It is prevalent in East Africa, east of the rift valley. This because of the loss of the duffy receptor in most African populations. Plasmodium vivax requires the duffy receptor to invade reticulocytes. Ref: http://www.plosntds.org/article/info:doi/10.1371/journal.pntd.0000774?imageURI=info:doi/10.1371/journal.pntd.0000774.t002
and it is also prevalent in the west African countries where the duffy blood group is prevalent(1) , may be this might be explained by mixing between different ethnic groups or disease evolution but by any means , there remains a bad need for an estimate to the burden of vivax malaria on Africa . Ref
PLoS Negl Trop Dis. 2011 June; 5(6): e1192.
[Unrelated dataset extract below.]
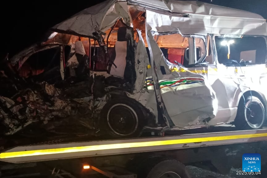 This photo taken on May 4, 2025 shows a damaged minibus taxi at the scene of a head-on collision in the Eastern Cape Province of South Africa. Fifteen people were killed and five others injured in a head-on collision in the Eastern Cape Province of South Africa on Saturday night, local authorities confirmed on Sunday. (South Africa's Eastern Cape Department of Transport/Handout via Xinhua)

Published online 2011 June 21. doi: 10.1371/journal.pntd.0001192
PMCID: PMC3119644
Duffy Negative Antigen Is No Longer a Barrier to Plasmodium vivax – Molecular Evidences from the African West Coast (Angola and Equatorial Guinea)
Cristina Mendes,1 Fernanda Dias,1,2 Joana Figueiredo,1 Vicenta Gonzalez Mora,3 Jorge Cano,3 Bruno de Sousa,4 Virgílio E. do Rosário,1 Agustin Benito,3 Pedro Berzosa,3 and Ana Paula Arez1,*
Since this study checked the duffy phenotype for the individuals and they were negative, it would suggest that the mechanism is disease evolution. You are correct, there is a need for better estimates of vivax burden in Africa.
Knowing exactly what is the situation with vivax in Sub-Saharan Africa is essential for planning malaria control programmes as falciparum is brought under better control. Fortunately ACTs also are effective in acute vivax but do not act on relapses. If a programme manager believes that he/she only has falciparum in his/her country and malaria fevers keep being recorded, then the obvious conclusion is that control is not working as well as was thought. If however a proportion of the fevers are due to vivax, then the control measures may be working well. The new fevers are not due to reinfections (and so to a failure in the vector control measures) but to the relapses from the initial infection. This then introduces the complexity of introducing primaquine and testing for G6PD deficiency into the design of the control programmes.
Dear Ian ,Thank you very much for directing attention towards this important point concerning relapse, the need for the use of Primaquine and G6PD deficiency among Africans , where the Prevalence of G6PD deficiency is estimated to be around 32.5% in the sub-saharan African region and hence this might well be one of the challenges to be considered in the battle against malaria.
The G6PD incidence is a big challenge. In Asia-Pacific, where primaquine has been used for a long time, doctors are aware of the risks of using it and so look out for the symptoms of haemolysis. In Africa, with no such history, the risk of doctors missing the symptoms early in treatment (when the drug can be stopped) is a major risk factor. Newer 8-aminoquinolines (e.g. tafenoquine) with much shorter dosage regimens (3-days) increase this risk as all the drug will have been taken on board by the patient before symptoms of haemolysis become apparent.hence the critical need for a G6PD RDT to add more complexity to the treatment regimens in the control programme.